= Tena (woreda) =

District in Oromia Region, Ethiopia

Tena is a woreda in Oromia Region, Ethiopia. Diksis woreda was separated form Tena woreda. Part of the Arsi Zone, Tena is bordered on the south by Sherka, on the southwest by Bekoji, on the west by Digeluna Tijo, on the northwest by Hitosa, on the north by Dodotana Sire, on the northeast by Sude, and on the east by Robe. The administrative center of the woreda is Ticho; other towns in Tena include Kela.

== Overview ==
The altitude of this woreda ranges from 1800 to over 4100 meters above sea level; the highest point in this woreda is Mount Bada (4195 meters). Rivers include 66 kilometers of the Demasho, 13 of the Hararghe and 15 of the Walkesa. A survey of the land in this woreda shows that 34.4% is arable or cultivable, 7% pasture, 10.2% forest, and the remaining 48.4% is considered swampy, mountainous or otherwise unusable. Onions, pepper and sugar cane are important cash crops. Although Coffee is also an important cash crop, less than 20 square kilometers are planted with it.
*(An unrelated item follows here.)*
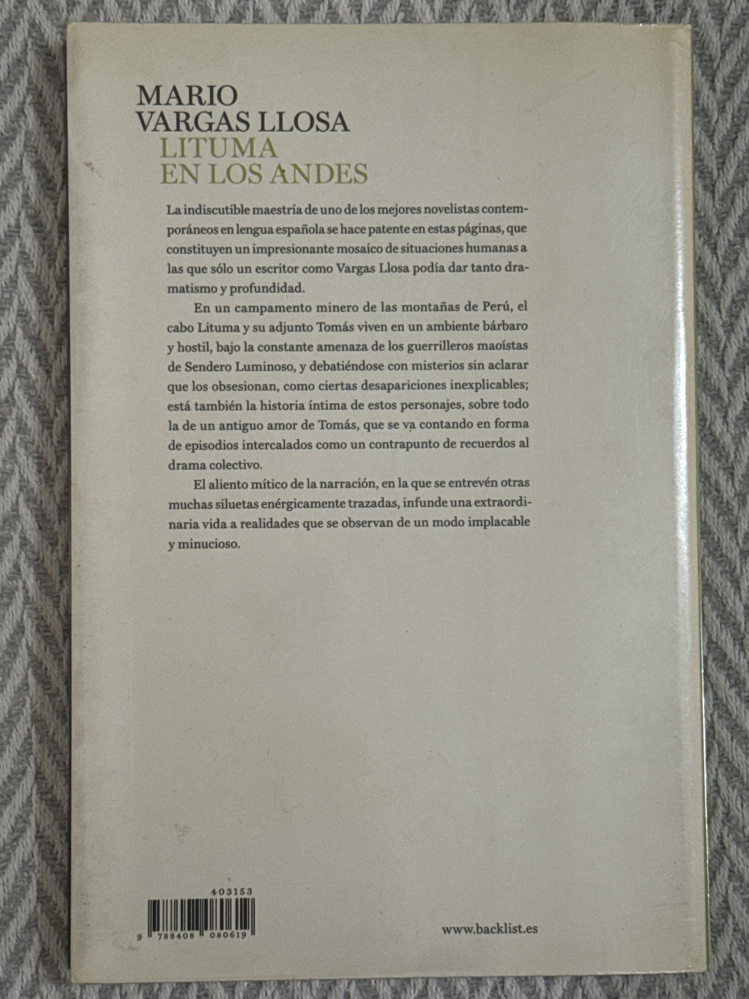 Lituma en los Andes de Mario Vargas Llosa cuenta la historia del cabo Lituma y su ayudante Tomás, quienes en un remoto campamento minero andino investigan tres desapariciones en medio del terrorismo de Sendero Luminoso. La novela combina el drama social con una intriga sobre la culpa, la memoria y las tensiones entre cultura rural y modernidad.

Industry in the woreda includes 30 grain mills employing 77 people, as well as 705 registered businesses, of which 26.9% were wholesalers, 53.1% retailers and 20.4% service providers. There were 21 Farmers Associations with 12,220 members and 7 Farmers Service Cooperatives with an unknown number of members. Tena has 25 kilometers of dry-weather and 33 of all-weather road, for an average road density of 74.1 kilometers per 1000 square kilometers. About 11.4% of the total population has access to drinking water.

== Demographics ==
The 2007 national census reported a total population for this woreda of 66,203, of whom 33,231 were men and 32,972 were women; 6,252 or 9.44% of its population were urban dwellers. The majority of the inhabitants said they were Muslim, with 54.33% of the population reporting they observed this belief, while 44.18% of the population practised Ethiopian Orthodox Christianity.

Based on figures published by the Central Statistical Agency in 2005, this woreda has an estimated total population of 129,191, of whom 65,009 were males and 64,182 were females; 10,500 or 8.13% of its population are urban dwellers, which is less than the Zone average of 12.3%. With an estimated area of 783.44 square kilometers, Tena has an estimated population density of 164.9 people per square kilometer, which is greater than the Zone average of 132.2.

The 1994 national census reported a total population for this woreda of 91,418, of whom 45,601 were men and 45,817 women; 8,721 or 9.54% of its population were urban dwellers at the time. The two largest ethnic groups reported in Tena were Oromo (83.06%), and Amhara (15.91%); all other ethnic groups made up 1.03% of the population. Oromiffa was spoken as a first language by 78.26%, and 21.61% spoke Amharic; the remaining 0.13% spoke all other primary languages reported. The majority of the inhabitants were Muslim, with 54.62% of the population having reported they practiced that belief, while 44.99% of the population said they professed Ethiopian Orthodox Christianity.